Maar die vraagtekens laten onverlet dat uit Van Dijks bijdrage wel blijkt dat Boom diverse talenten had, maar soms ook graag de kantjes er afliep. Vooral als schoolopziener in het eerste district van Drenthe, dat Assen en omgeving omvatte, moest hij nog wel eens worden gemaand om wat actiever te zijn. In 1860 werd hij in die functie benoemd maar na diverse reprimandes over het uitblijven van een jaarverslag greep zelfs de Commissaris des Konings drie jaar later in om hem bij de Ko ning voor te dragen voor ontslag, tenzij hij het zelf zou nemen.

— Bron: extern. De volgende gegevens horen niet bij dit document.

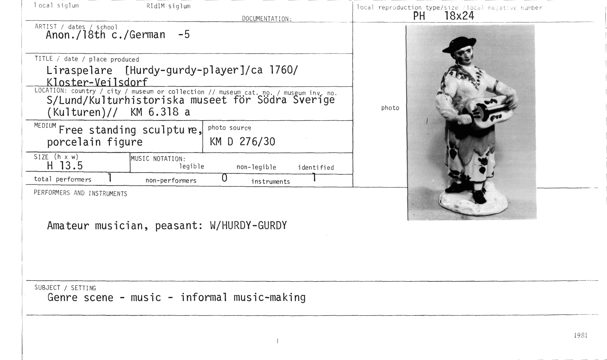 //// 1 otal siglum RIdIM siglum //// DOCUMENTATION: //// local reproduction type/size flocal ne:.,auve number //// PH 18x24 //// ARTIST / dates / school //// Anon./18th c./German -5 //// TITLE / date / place produced //// Liraspelare [Hurdy-gurdy-player]/ca 1760/ Kloster-Veilsdorf //// LOCATION: country / city / //// S/Lund/Kulturh (Kulturen)// //// MEDIUM Free standin g sculptu re, porcelain figu re //// SIZE (h x w) //// H 13.5 //// total performers 1 //// PERFORMERS AND INSTRUMENTS //// Amateur musician, peasant: W/HURDY-GURDY //// SUBJECT / SETTING //// Genre scene - music - informal music-making //// museum or collection // museum cat. no. / museum inv. no. //// istoriska museet för Södra Sverige KM 6.318 a //// MUSIC NOTATION: //// legible //// non-performers 0 instruments 1 //// photo source //// KM D 276/30 //// non-legible identified //// photo //// 1981 ////
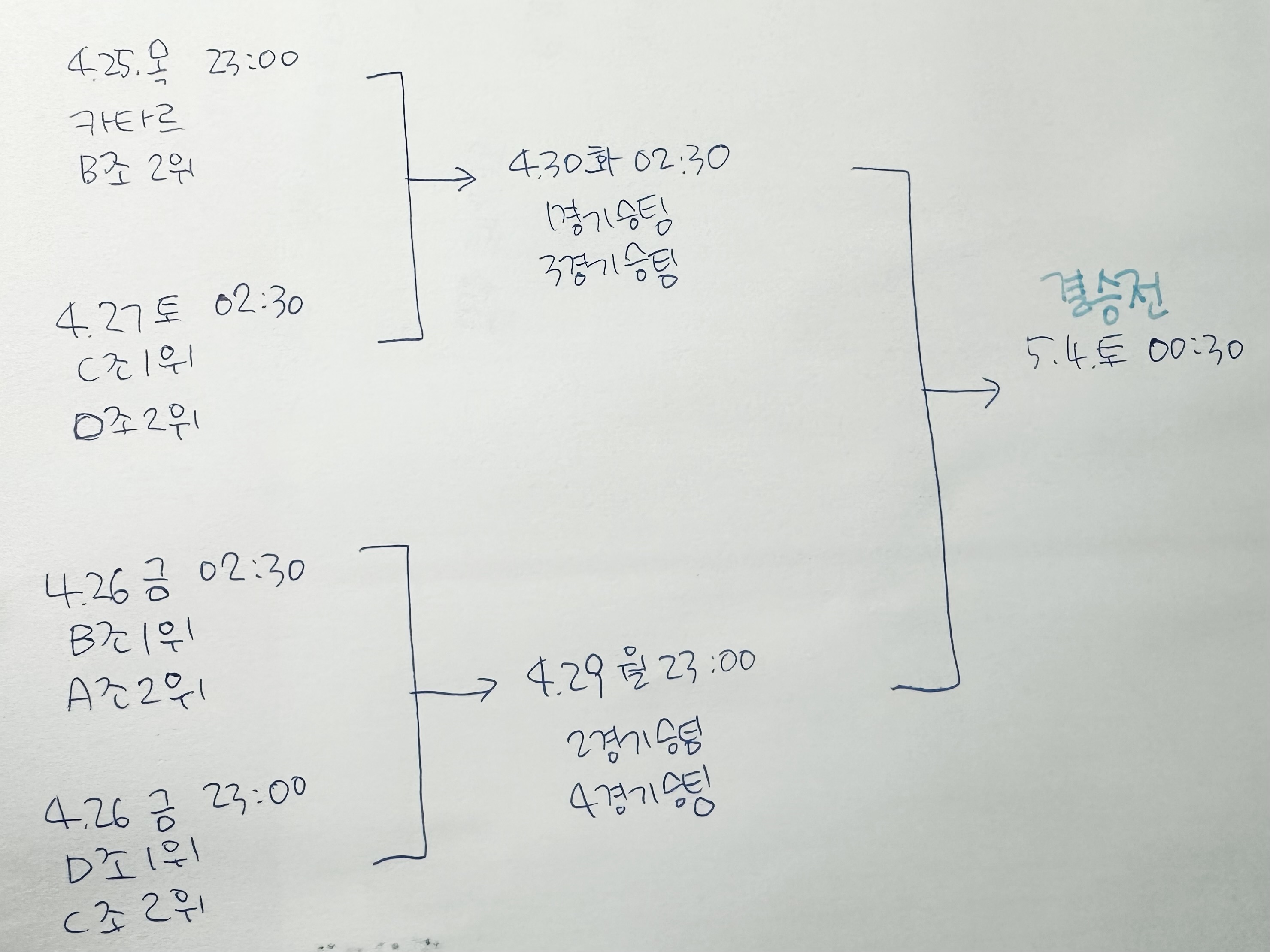 월드컵때문에 익숙해서 16강 대진표를 찾으시지만 팀 수가 적어서 사실 8강 대진표입니다. 일정은 다음과 같습니다.
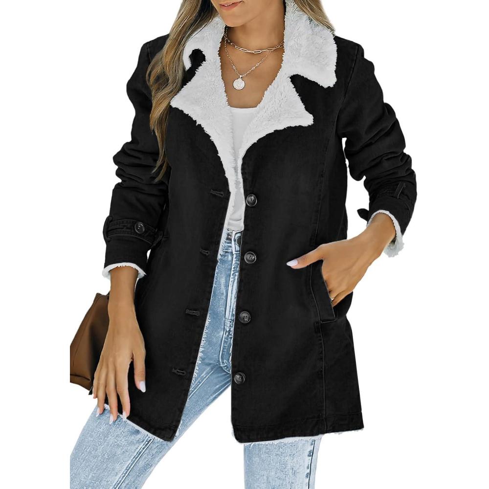 Dokotoo Womens Winter Warm Jean Jacket Stand Collar Wool Liner Sherpa Denim Coats Thicker Outerwear with Pockets(A Black)
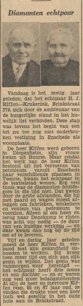 Brinkstraat 279 H.J. Kiffen krantenbericht Tubantia 27-4-1957.jpg
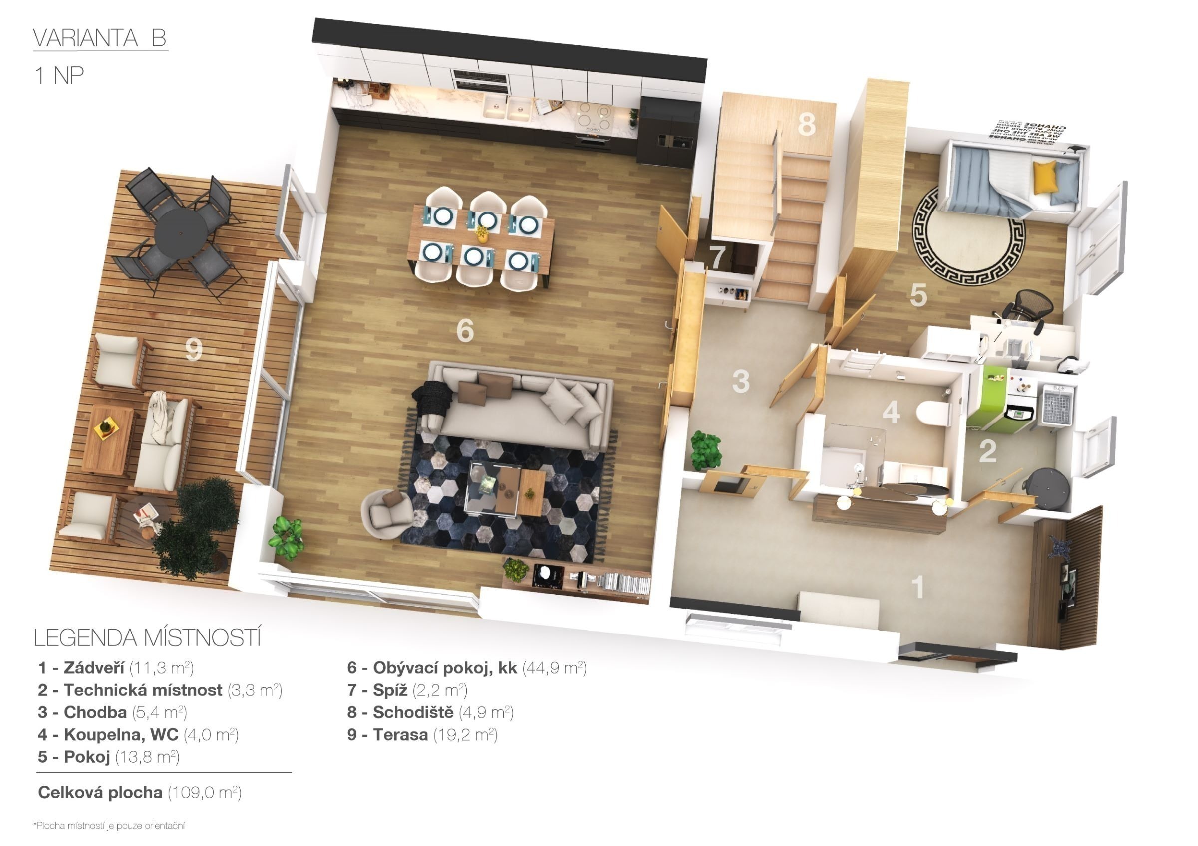 varianta B - s dokončeným druhým nadzemním podlažím
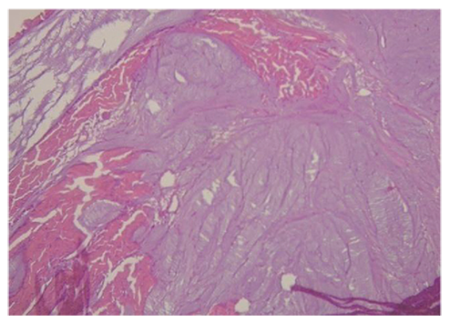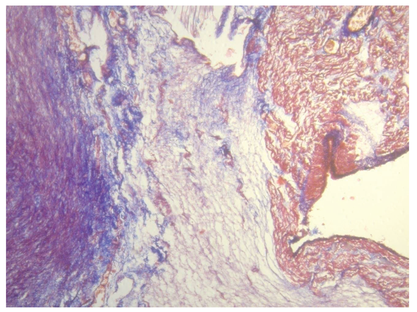 Figure 1.39. Collagen tissue and elastoid interstitial tissue are observed. There is no inclusion of cardiomyocytes.
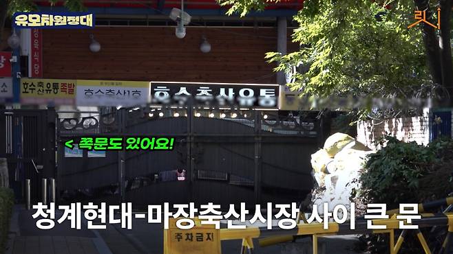 단지 가장 끝으로 왔는데 여기가 축산시장이랑 바로 붙어 있습니다. 저기가 지금 큰 문으로 막혀 있는데 왼쪽에 쪽문이 있거든요. 시장으로 가는 외부인들이 자꾸 단지를 통해서 가다 보니까 그거를 막으려고 문을 설치했다고 하더라고요.
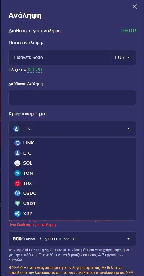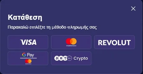 Υποστηρίζουμε καταθέσεις και αναλήψεις σε EUR στην Ελλάδα με επιλογές καρτών, τραπεζικά εμβάσματα για αναλήψεις και ευρεία λίστα crypto για γρήγορη χρηματοδότηση. Οι καταθέσεις ξεκινούν από €20 σε υποστηριζόμενες μεθόδους. Οι αναλήψεις εξαρτώνται από τη μέθοδο: οι κάρτες και τα τραπεζικά εμβάσματα αναφέρονται ως 4–7 εργάσιμες ημέρες, ενώ τα crypto αναφέρονται ως έως 2 εργάσιμες ημέρες.

Boom bood het zelf aan, verontschuldigde zich daarbij voor zijn nalatigheid en werd in 1866 herbenoemd en bleef het tot zijn pensioen in 1880. Van Dijk vraagt zich wel af of hij toen wél een voorbeeldig functionaris was. Want in een van de weinige bewaard gebleven complete series jaarverslagen van de schoolopzieners in Drenthe begint Boom al met het maken van verontschuldigingen omdat hij niet het vereiste aantal bezoeken aan scholen had kunnen brengen. In een toch lang verslag wist hij allerlei onderwijskundige filosofietjes te verwerken. “Ideeën had hij genoeg en daarvoor hoefde hij zijn werkkamer niet te verlaten. Men leest ze, ook nu nog, met veel genoegen. Boom was niet alleen een ‘zoetprater’ zoals hij zichzelf nu en dan noemt, maar ook een ‘zoetschrijver’.” Als journalist en schrijver heeft Boom veel van zich laten horen. Zijn vermoedelijk eerste publicatie was in 1835 een vervolgverhaal voor de Drentsche Courant. In het begin van de jaren veertig brak hij door als schrijver -met bijvoorbeeld A.L. Lesturgeon was hij auteur van ‘Een Drenthsch gemeente-assessor met zijne twee neven op reis naar Amsterdam, in ‘t voorjaar van 1843’ en ‘Drenthe in vlugtige en losse omtrekken geschetst’, dat verscheen onder het pseudoniem ‘drie podagristen’-, maar in zijn huwelijksakte (1849) staat hij vermeld als hoofdredacteur van de Amsterdamsche Courant.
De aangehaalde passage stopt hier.